Dans ce contexte, la visite de l'ambassadeur algérien Suleiman Shanin dans la région amazighe a suscité la controverse dans les milieux libyens et a été considérée comme une ingérence interne dans les affaires de la Libye.
Le porte-parole du Conseil suprême des Berbères libyens, Akram Jarnaz, a confirmé que l'ambassadeur algérien avait discuté des questions frontalières communes entre la Libye et l'Algérie lors de sa visite dans la ville de Nalut, à la frontière avec la Tunisie, et qu'il avait convenu que les villes amazighes libyennes étaient très importantes pour la sécurité de l'Algérie.
Pour sa part, Abdel Moneim Al-Arfi, membre de la Chambre des représentants, a considéré la visite de l'ambassadeur algérien dans les villes amazighes et son affirmation de leur valeur stratégique pour l'Algérie comme une ingérence flagrante dans les affaires libyennes.
L'Algérie souhaite renforcer sa présence dans la région afin de discuter des questions de sécurité régionale et de regagner une influence géostratégique. Cette influence a été perdue ces derniers temps en raison de difficultés internes qui créent des problèmes pour le pays.

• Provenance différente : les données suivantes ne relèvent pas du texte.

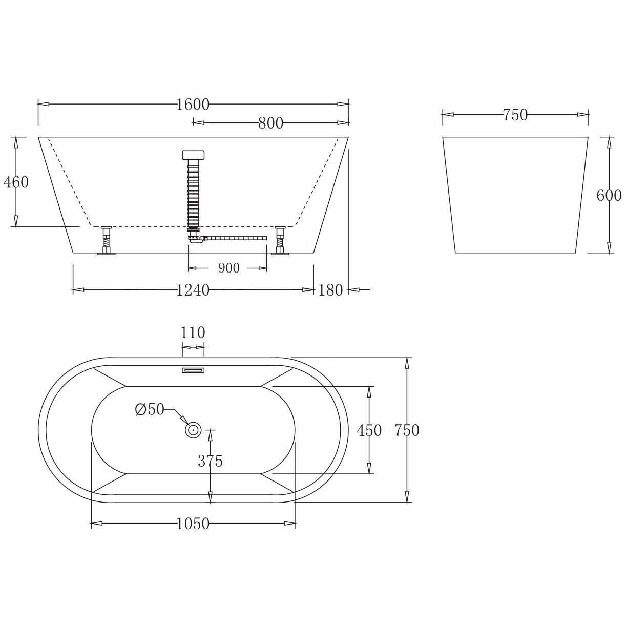 Акриловая ванна без перелива BELBAGNO BB71-1600-W0, 1600x750x600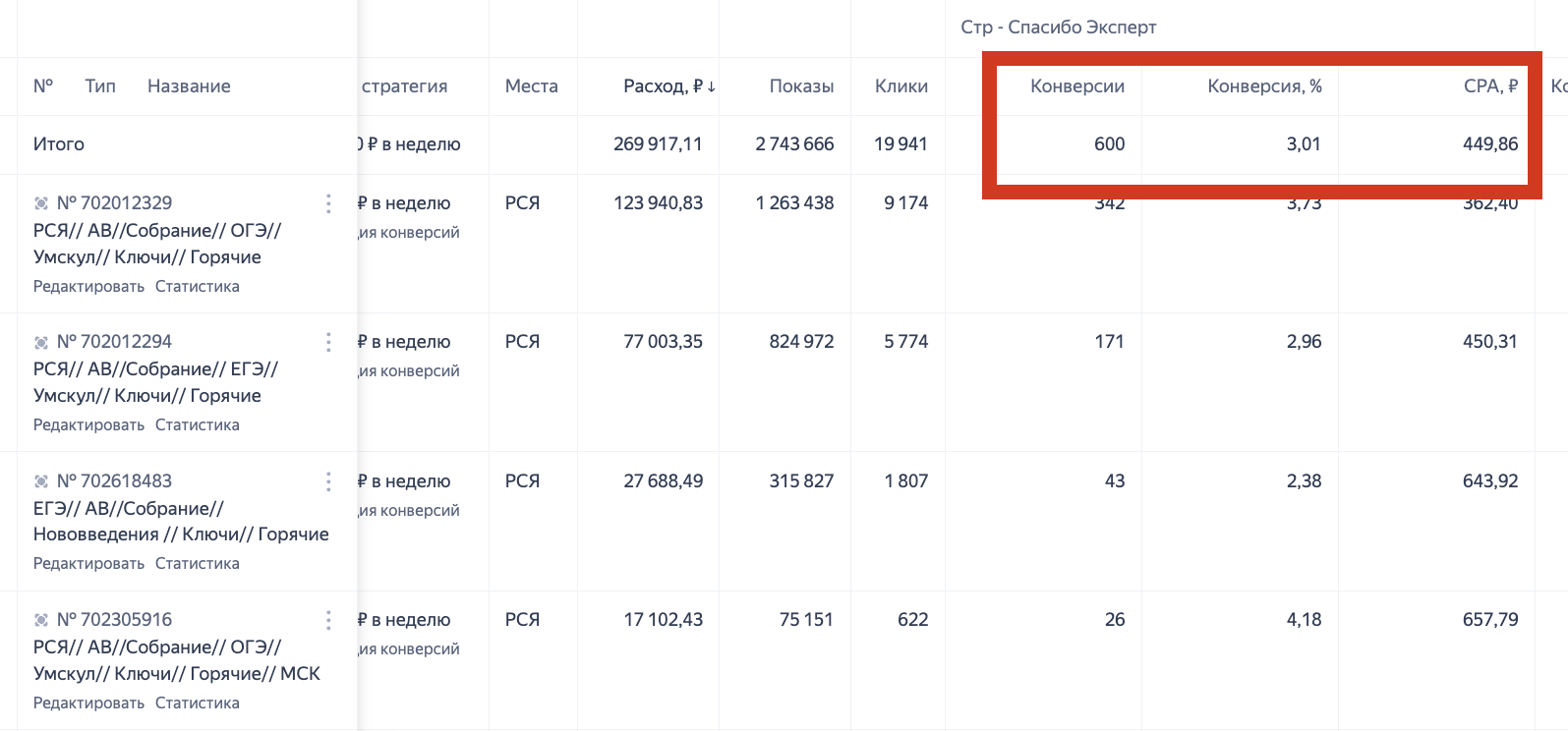 1️⃣ Четкая сегментация по типу экзамена — разделение кампаний

L'Algérie traverse des difficultés politiques telles que les révoltes nationales et les protestations encadrées par le mouvement social Hirak, qui descend dans la rue depuis des années pour demander un changement politique dans le pays après des décennies de domination totale par le parti du Front de libération nationale et l'armée, véritable pouvoir de l'ombre au sein du régime algérien, ainsi que pour dénoncer la corruption qui touche le pays maghrébin.
L'Algérie cherche également à s'implanter dans la région du Sahel, une zone très importante pour la préservation de la sécurité régionale, car cette région est connue pour son instabilité politique, avec les récents coups d'État organisés par des juntes militaires dans des pays comme le Mali, le Niger et le Burkina Faso, et pour la présence de groupes extrémistes djihadistes dont l'activité transfrontalière affecte les pays du continent africain et, par extension, les pays voisins de l'Europe.
La visite de l'ambassadeur Suleiman Shanin, comme on l'a vu, concerne la zone de Hamada El Hamra, un corridor très important qui relie l'Algérie au Niger, un pays situé dans ce point chaud du Sahel.
Cette prétendue ingérence algérienne dans les affaires d'autres pays, comme la Libye, a été dénoncée par des analystes et des hommes politiques libyens. Al-Arfi lui-même a ajouté : « Nous rejetons l'ingérence dans nos affaires, l'imposition de notre souveraineté et la représentation selon laquelle nous sommes une profondeur stratégique pour l'Algérie ».
La sécurité est une question très importante dans la région, une question qui a conduit au mouvement militaire susmentionné des troupes de l'armée nationale libyenne dirigées par le maréchal Haftar à la frontière entre la Libye et l'Algérie. Haftar domine la partie orientale de la Libye, avec son centre de pouvoir basé à Benghazi, dans le cadre de la guerre civile qu'il mène contre l'autre pôle de pouvoir situé dans la capitale de Tripoli et représenté par le gouvernement d'unité nationale du Premier ministre Abdul Hamid Dabaiba.
La visite de l'ambassadeur algérien Suleiman Shanin à Nalut sert donc à générer plus de confusion en Libye dans le cadre de la confrontation entre les centres de pouvoir de Tripoli et de Benghazi.
Les analystes pensent que les autorités algériennes cherchent à jouer un rôle dans la région amazighe, en particulier dans le bassin de Ghadamès et dans la région riche en pétrole de Hamada El Hamra, qui est devenue une source de désaccord entre le gouvernement d'unité nationale et les tribus telles que les Zintan et les Amazighs, ainsi qu'entre les autorités de Tripoli et la Chambre des représentants liée à Benghazi et le gouvernement oriental qui en est issu, comme l'ont indiqué des médias tels qu'Al-Arab.